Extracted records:
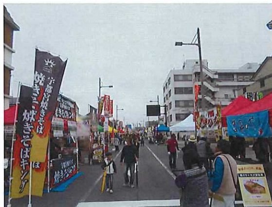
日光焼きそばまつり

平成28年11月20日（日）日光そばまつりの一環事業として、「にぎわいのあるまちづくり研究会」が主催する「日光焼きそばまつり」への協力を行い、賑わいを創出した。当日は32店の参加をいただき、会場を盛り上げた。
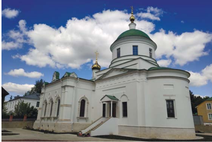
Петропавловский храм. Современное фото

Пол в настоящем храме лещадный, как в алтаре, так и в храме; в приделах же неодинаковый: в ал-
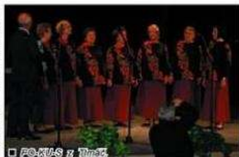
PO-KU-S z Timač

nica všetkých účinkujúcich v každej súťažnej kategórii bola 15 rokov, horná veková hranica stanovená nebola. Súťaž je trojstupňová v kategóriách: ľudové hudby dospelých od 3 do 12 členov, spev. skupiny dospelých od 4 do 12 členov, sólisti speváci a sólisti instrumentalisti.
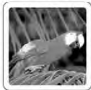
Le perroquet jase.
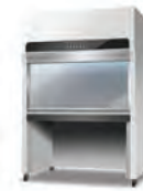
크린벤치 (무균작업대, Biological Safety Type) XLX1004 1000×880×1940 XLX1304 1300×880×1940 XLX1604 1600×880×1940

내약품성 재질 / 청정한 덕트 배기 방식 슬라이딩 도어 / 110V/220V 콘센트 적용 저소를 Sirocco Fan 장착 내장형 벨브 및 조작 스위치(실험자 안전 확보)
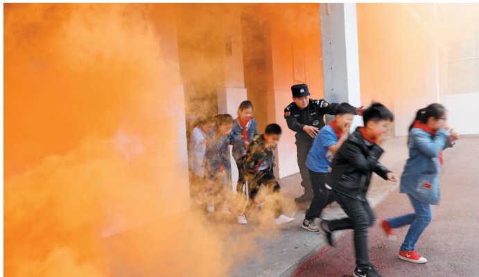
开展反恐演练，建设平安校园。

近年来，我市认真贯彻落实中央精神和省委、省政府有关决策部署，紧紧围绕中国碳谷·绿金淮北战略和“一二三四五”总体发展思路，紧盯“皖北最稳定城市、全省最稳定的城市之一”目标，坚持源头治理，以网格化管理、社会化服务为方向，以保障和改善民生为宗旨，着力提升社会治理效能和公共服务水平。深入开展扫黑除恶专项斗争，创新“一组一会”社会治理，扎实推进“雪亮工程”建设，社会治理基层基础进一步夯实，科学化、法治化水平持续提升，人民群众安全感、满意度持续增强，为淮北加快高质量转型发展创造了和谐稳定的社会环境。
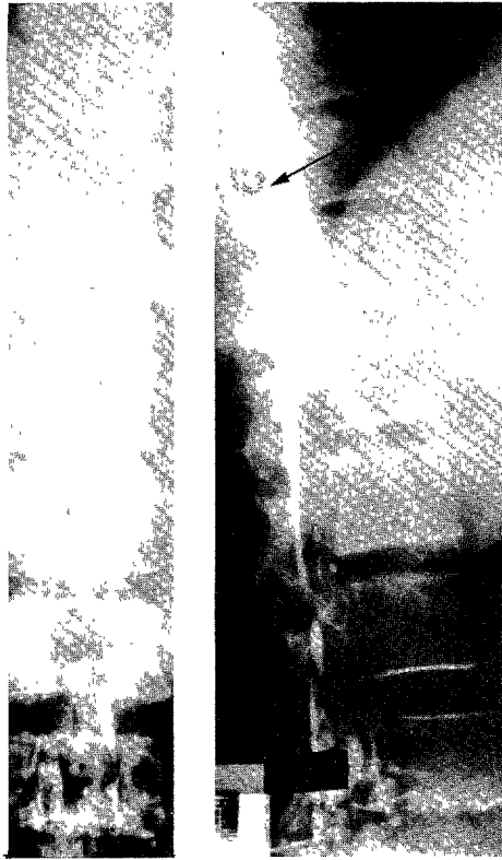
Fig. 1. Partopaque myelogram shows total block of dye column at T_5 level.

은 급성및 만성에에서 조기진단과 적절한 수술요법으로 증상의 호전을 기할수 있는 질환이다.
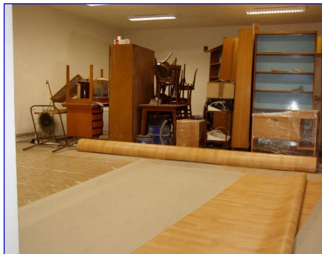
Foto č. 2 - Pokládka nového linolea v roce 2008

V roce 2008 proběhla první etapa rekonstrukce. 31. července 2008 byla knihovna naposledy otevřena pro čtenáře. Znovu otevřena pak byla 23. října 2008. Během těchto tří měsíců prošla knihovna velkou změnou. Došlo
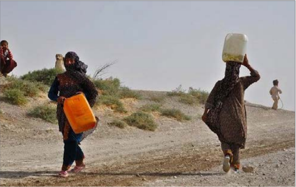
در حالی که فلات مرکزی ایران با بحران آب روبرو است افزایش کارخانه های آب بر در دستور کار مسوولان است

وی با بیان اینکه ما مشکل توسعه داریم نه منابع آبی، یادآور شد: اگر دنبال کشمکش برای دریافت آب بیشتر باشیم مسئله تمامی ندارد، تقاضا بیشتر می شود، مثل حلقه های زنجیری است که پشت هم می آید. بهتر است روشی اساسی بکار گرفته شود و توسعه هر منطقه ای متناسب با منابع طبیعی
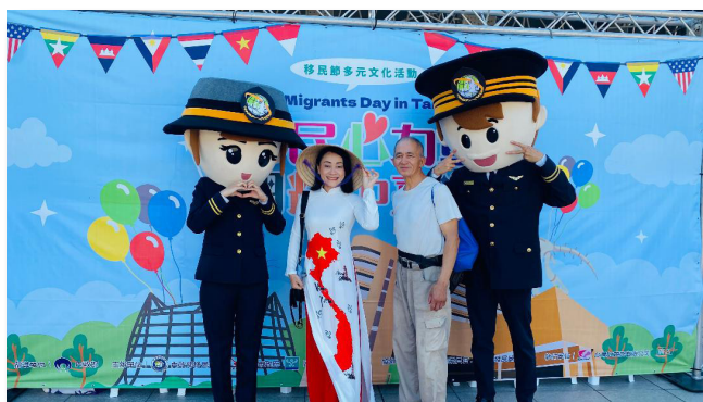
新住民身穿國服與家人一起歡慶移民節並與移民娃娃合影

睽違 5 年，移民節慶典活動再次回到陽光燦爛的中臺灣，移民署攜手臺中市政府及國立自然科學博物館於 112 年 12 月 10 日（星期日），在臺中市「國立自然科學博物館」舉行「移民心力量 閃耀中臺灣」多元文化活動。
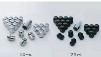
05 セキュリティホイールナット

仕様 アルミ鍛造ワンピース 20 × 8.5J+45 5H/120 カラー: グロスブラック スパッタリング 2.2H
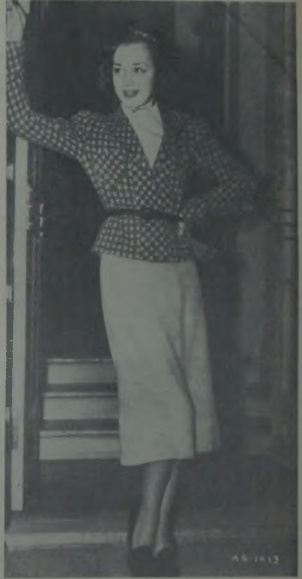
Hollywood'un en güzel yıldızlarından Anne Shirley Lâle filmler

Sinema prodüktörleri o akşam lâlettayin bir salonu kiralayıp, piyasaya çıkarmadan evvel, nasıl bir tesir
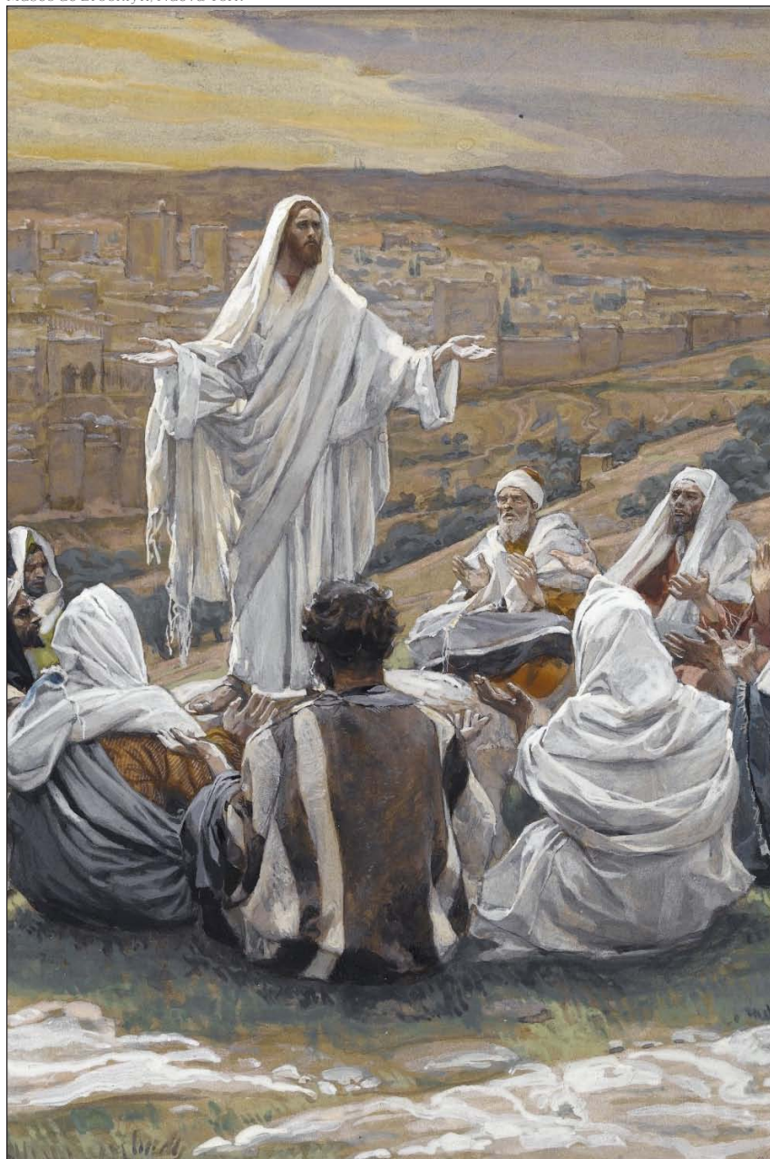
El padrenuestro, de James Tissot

EXERCISE INSTRUCTIONS:
All that should be returned is the run of lines from the start of the entries above to the line bearing "در حالی که فلات", each exact, with pictures omitted.

SOLUTION FOR THIS TASK:
日光焼きそばまつり

平成28年11月20日（日）日光そばまつりの一環事業として、「にぎわいのあるまちづくり研究会」が主催する「日光焼きそばまつり」への協力を行い、賑わいを創出した。当日は32店の参加をいただき、会場を盛り上げた。
Петропавловский храм. Современное фото

Пол в настоящем храме лещадный, как в алтаре, так и в храме; в приделах же неодинаковый: в ал-
PO-KU-S z Timač

nica všetkých účinkujúcich v každej súťažnej kategórii bola 15 rokov, horná veková hranica stanovená nebola. Súťaž je trojstupňová v kategóriách: ľudové hudby dospelých od 3 do 12 členov, spev. skupiny dospelých od 4 do 12 členov, sólisti speváci a sólisti instrumentalisti.
Le perroquet jase.
크린벤치 (무균작업대, Biological Safety Type) XLX1004 1000×880×1940 XLX1304 1300×880×1940 XLX1604 1600×880×1940

내약품성 재질 / 청정한 덕트 배기 방식 슬라이딩 도어 / 110V/220V 콘센트 적용 저소를 Sirocco Fan 장착 내장형 벨브 및 조작 스위치(실험자 안전 확보)
开展反恐演练，建设平安校园。

近年来，我市认真贯彻落实中央精神和省委、省政府有关决策部署，紧紧围绕中国碳谷·绿金淮北战略和“一二三四五”总体发展思路，紧盯“皖北最稳定城市、全省最稳定的城市之一”目标，坚持源头治理，以网格化管理、社会化服务为方向，以保障和改善民生为宗旨，着力提升社会治理效能和公共服务水平。深入开展扫黑除恶专项斗争，创新“一组一会”社会治理，扎实推进“雪亮工程”建设，社会治理基层基础进一步夯实，科学化、法治化水平持续提升，人民群众安全感、满意度持续增强，为淮北加快高质量转型发展创造了和谐稳定的社会环境。
Fig. 1. Partopaque myelogram shows total block of dye column at T_5 level.

은 급성및 만성에에서 조기진단과 적절한 수술요법으로 증상의 호전을 기할수 있는 질환이다.
Foto č. 2 - Pokládka nového linolea v roce 2008

V roce 2008 proběhla první etapa rekonstrukce. 31. července 2008 byla knihovna naposledy otevřena pro čtenáře. Znovu otevřena pak byla 23. října 2008. Během těchto tří měsíců prošla knihovna velkou změnou. Došlo
در حالی که فلات مرکزی ایران با بحران آب روبرو است افزایش کارخانه های آب بر در دستور کار مسوولان است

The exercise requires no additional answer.